Dataset excerpts
##########
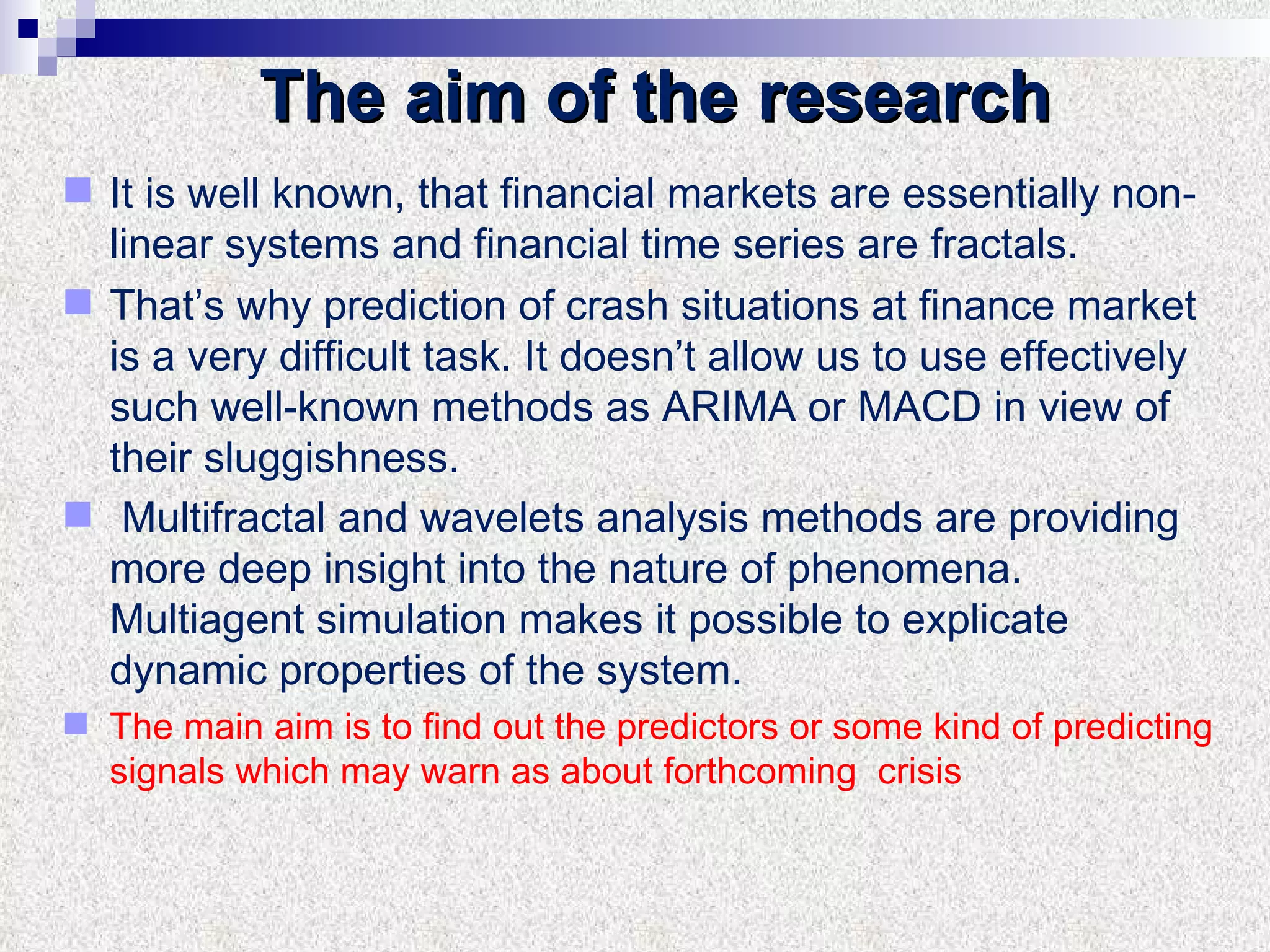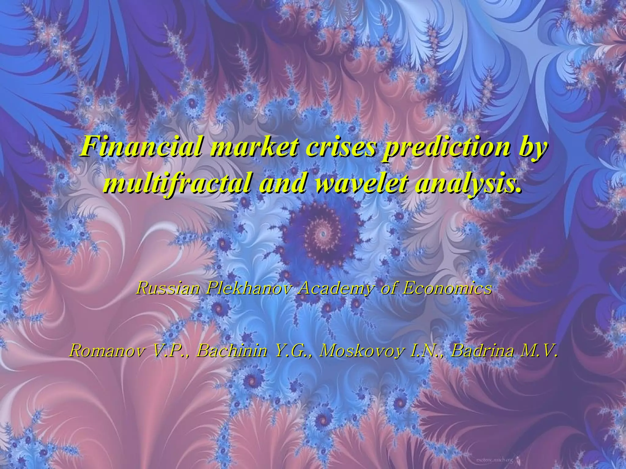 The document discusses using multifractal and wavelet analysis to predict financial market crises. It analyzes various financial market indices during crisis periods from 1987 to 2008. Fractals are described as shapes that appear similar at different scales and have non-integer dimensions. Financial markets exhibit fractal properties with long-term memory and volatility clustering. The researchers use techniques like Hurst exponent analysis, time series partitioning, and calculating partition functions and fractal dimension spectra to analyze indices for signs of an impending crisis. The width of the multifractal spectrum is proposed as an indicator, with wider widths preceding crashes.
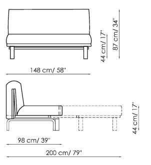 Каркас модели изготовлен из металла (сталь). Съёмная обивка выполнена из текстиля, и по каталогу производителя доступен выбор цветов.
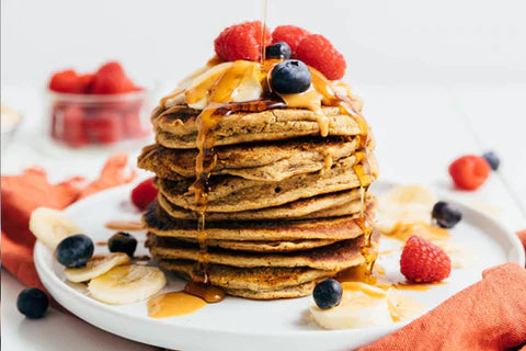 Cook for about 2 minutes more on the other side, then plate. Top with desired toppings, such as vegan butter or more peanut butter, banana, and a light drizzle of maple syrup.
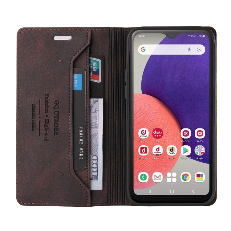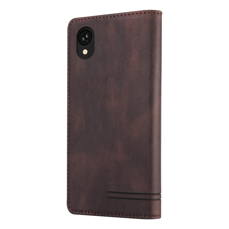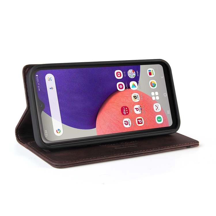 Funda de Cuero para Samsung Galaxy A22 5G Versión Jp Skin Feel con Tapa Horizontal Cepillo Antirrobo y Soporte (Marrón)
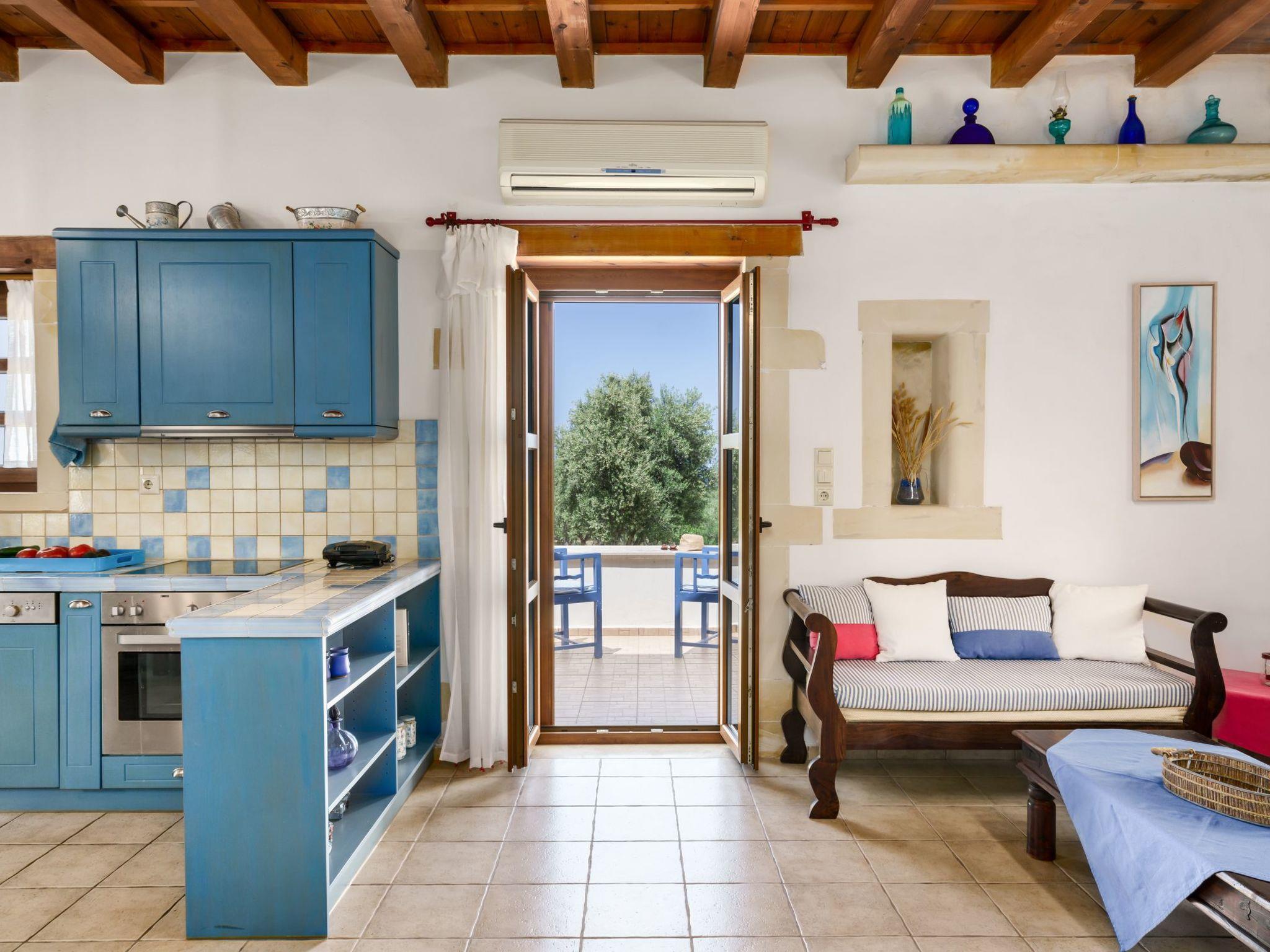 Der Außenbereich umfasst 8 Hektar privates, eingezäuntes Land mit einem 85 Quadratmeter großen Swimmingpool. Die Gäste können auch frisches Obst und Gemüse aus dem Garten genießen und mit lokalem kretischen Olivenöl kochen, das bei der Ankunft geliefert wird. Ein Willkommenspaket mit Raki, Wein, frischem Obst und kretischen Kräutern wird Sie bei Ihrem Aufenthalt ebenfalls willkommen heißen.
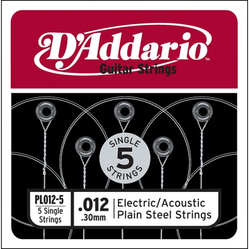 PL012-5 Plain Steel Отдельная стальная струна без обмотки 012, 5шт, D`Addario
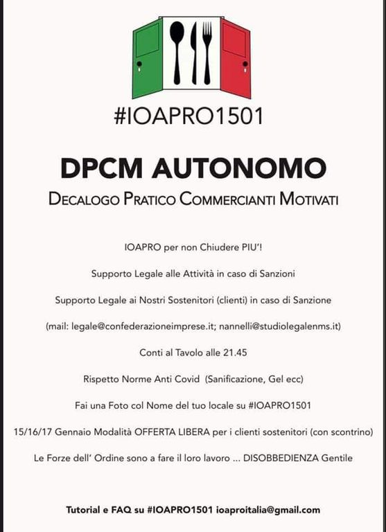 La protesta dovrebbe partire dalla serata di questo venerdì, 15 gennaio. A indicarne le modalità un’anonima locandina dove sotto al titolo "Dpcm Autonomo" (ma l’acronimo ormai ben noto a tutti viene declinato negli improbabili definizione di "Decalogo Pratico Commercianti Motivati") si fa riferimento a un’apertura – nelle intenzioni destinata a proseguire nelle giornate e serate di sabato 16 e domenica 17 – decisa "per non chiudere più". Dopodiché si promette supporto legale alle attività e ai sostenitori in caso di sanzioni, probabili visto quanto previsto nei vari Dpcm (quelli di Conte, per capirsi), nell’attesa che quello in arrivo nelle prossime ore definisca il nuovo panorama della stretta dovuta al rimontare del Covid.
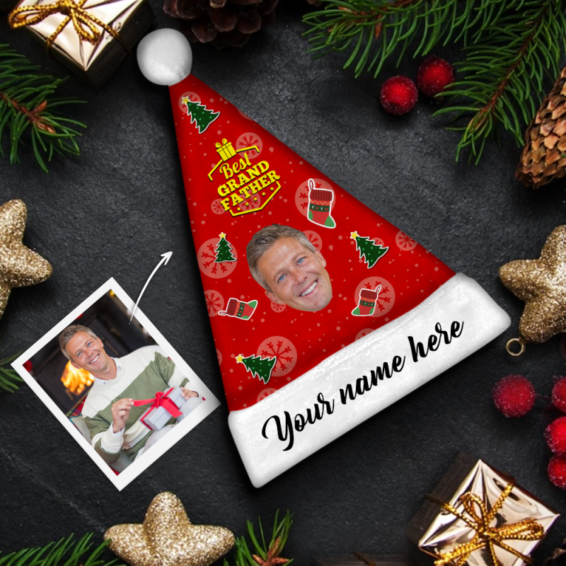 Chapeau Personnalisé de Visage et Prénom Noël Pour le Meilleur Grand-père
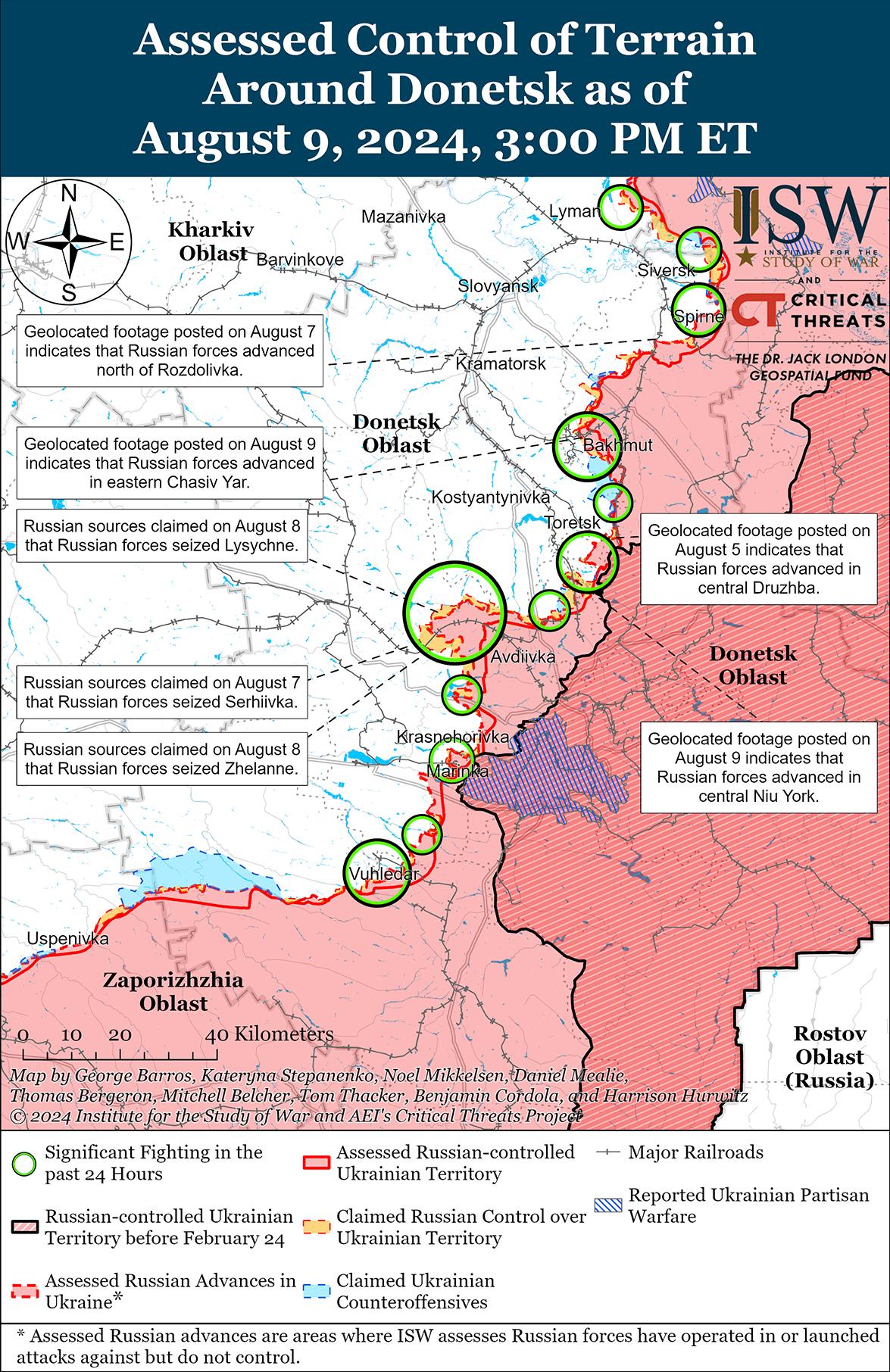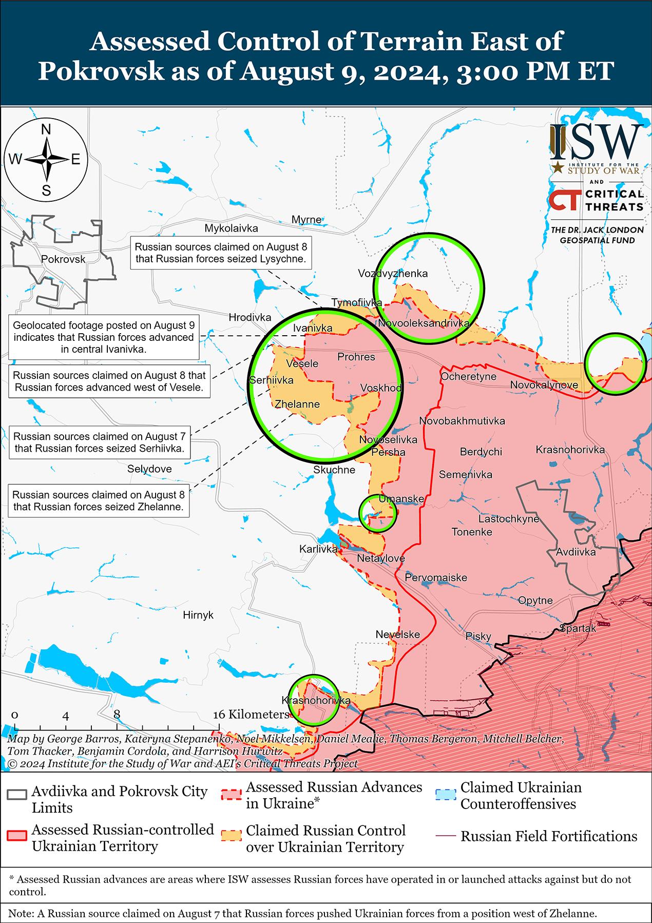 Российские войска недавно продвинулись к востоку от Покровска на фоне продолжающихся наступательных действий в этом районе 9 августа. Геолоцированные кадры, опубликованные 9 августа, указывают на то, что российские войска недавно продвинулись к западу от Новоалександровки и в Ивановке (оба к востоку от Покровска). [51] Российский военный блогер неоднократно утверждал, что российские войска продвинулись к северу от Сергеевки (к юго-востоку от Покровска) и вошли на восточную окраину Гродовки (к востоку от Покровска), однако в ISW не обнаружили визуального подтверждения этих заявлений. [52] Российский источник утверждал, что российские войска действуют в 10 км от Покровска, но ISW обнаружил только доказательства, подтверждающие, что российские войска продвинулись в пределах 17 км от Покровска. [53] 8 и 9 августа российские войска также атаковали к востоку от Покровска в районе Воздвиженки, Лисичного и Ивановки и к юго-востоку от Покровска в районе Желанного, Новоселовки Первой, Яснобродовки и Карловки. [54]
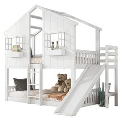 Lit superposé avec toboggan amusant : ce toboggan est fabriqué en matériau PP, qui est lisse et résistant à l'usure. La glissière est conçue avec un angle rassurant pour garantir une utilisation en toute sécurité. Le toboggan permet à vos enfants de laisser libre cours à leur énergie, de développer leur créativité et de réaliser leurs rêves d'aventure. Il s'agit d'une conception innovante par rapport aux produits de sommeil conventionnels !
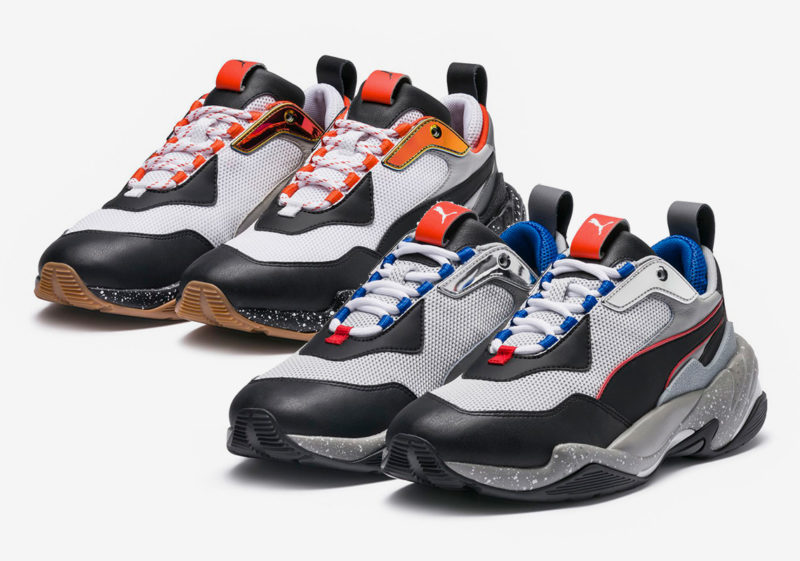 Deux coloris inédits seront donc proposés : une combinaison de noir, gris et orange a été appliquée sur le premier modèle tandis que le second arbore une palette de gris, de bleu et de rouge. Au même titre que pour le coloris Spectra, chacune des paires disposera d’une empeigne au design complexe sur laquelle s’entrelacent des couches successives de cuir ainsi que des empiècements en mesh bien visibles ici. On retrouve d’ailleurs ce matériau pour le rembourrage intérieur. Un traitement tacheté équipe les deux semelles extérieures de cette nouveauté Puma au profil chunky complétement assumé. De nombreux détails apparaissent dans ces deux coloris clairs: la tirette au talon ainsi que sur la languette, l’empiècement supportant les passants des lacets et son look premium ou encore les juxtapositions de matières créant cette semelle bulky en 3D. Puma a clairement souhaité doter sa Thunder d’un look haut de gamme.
##########
→ **Exercise requirements**: Pictures do not belong in the answer. Return the lines above starting at the one with "PL012-5 Plain Steel" and ending at the one with "Chapeau Personnalisé de", both kept, exactly.

→ **Solution to this task**:
 PL012-5 Plain Steel Отдельная стальная струна без обмотки 012, 5шт, D`Addario
 La protesta dovrebbe partire dalla serata di questo venerdì, 15 gennaio. A indicarne le modalità un’anonima locandina dove sotto al titolo "Dpcm Autonomo" (ma l’acronimo ormai ben noto a tutti viene declinato negli improbabili definizione di "Decalogo Pratico Commercianti Motivati") si fa riferimento a un’apertura – nelle intenzioni destinata a proseguire nelle giornate e serate di sabato 16 e domenica 17 – decisa "per non chiudere più". Dopodiché si promette supporto legale alle attività e ai sostenitori in caso di sanzioni, probabili visto quanto previsto nei vari Dpcm (quelli di Conte, per capirsi), nell’attesa che quello in arrivo nelle prossime ore definisca il nuovo panorama della stretta dovuta al rimontare del Covid.
 Chapeau Personnalisé de Visage et Prénom Noël Pour le Meilleur Grand-père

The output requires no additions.